** COLLECTED DATA follows **

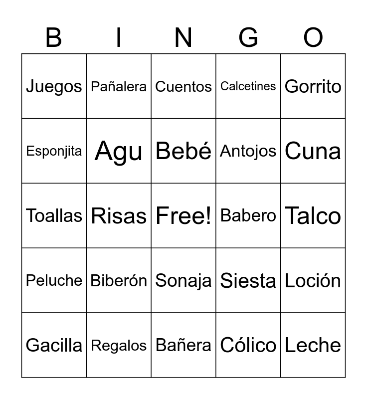 This bingo card has a free space and 29 words: Gacilla, Muñeca, Risas, Gatear, Juegos, Cuentos, Agu, Biberón, Babero, Regalos, Talco, Leche, Bañera, Cólico, Cuna, Juguetes, Sonaja, Peluche, Gorrito, Toallas, Siesta, Botitas, Antojos, Esponjita, Calcetines, Pañalera, Loción, Bebé and Cigüeña.
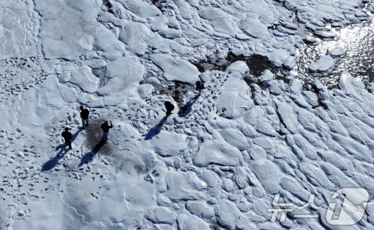 (강화=뉴스1) 박정호 기자 = 전국 곳곳에 한파특보가 발효돼 맹추위가 이어진 21일 인천 강화도 동막해변 일대가 얼어붙어 있다. 기상청에 따르면 전국 대부분 지역에서는 당분간 아침 기온이 -10도 안팎으로 떨어지고 바람도 강하게 불어 체감온도는 더욱 낮을 것으로 예보했다. 2026.1.21/뉴스1
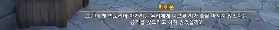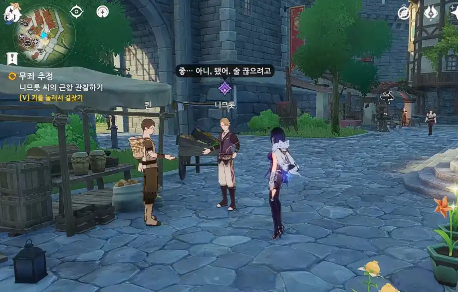 +) 처음에 성당 앞 수녀 '빅토리아'와 대화한 후, '니므롯'을 찾아갈 때 술집이 아닌 과일 가게 앞으로 갈 경우
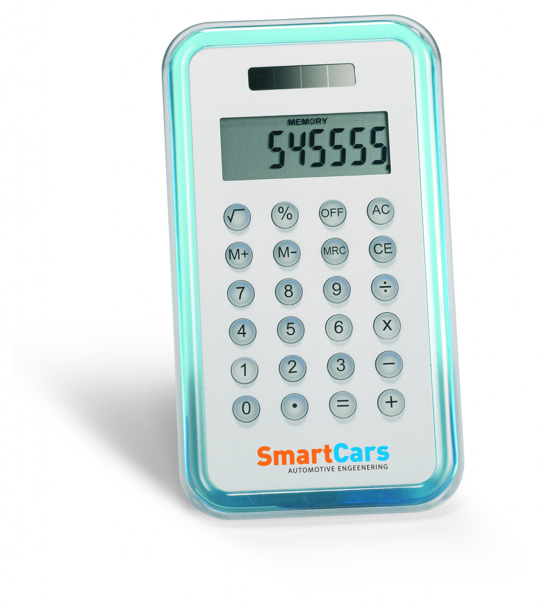 8 digit dual power calculator with aluminium front cover. 1 cell battery included.

** End of COLLECTED DATA **

TASK DIRECTIONS:
Transcribe the lines above exactly, setting aside any picture among them.

EXPECTED OUTPUT:
 This bingo card has a free space and 29 words: Gacilla, Muñeca, Risas, Gatear, Juegos, Cuentos, Agu, Biberón, Babero, Regalos, Talco, Leche, Bañera, Cólico, Cuna, Juguetes, Sonaja, Peluche, Gorrito, Toallas, Siesta, Botitas, Antojos, Esponjita, Calcetines, Pañalera, Loción, Bebé and Cigüeña.
 (강화=뉴스1) 박정호 기자 = 전국 곳곳에 한파특보가 발효돼 맹추위가 이어진 21일 인천 강화도 동막해변 일대가 얼어붙어 있다. 기상청에 따르면 전국 대부분 지역에서는 당분간 아침 기온이 -10도 안팎으로 떨어지고 바람도 강하게 불어 체감온도는 더욱 낮을 것으로 예보했다. 2026.1.21/뉴스1
 +) 처음에 성당 앞 수녀 '빅토리아'와 대화한 후, '니므롯'을 찾아갈 때 술집이 아닌 과일 가게 앞으로 갈 경우
 8 digit dual power calculator with aluminium front cover. 1 cell battery included.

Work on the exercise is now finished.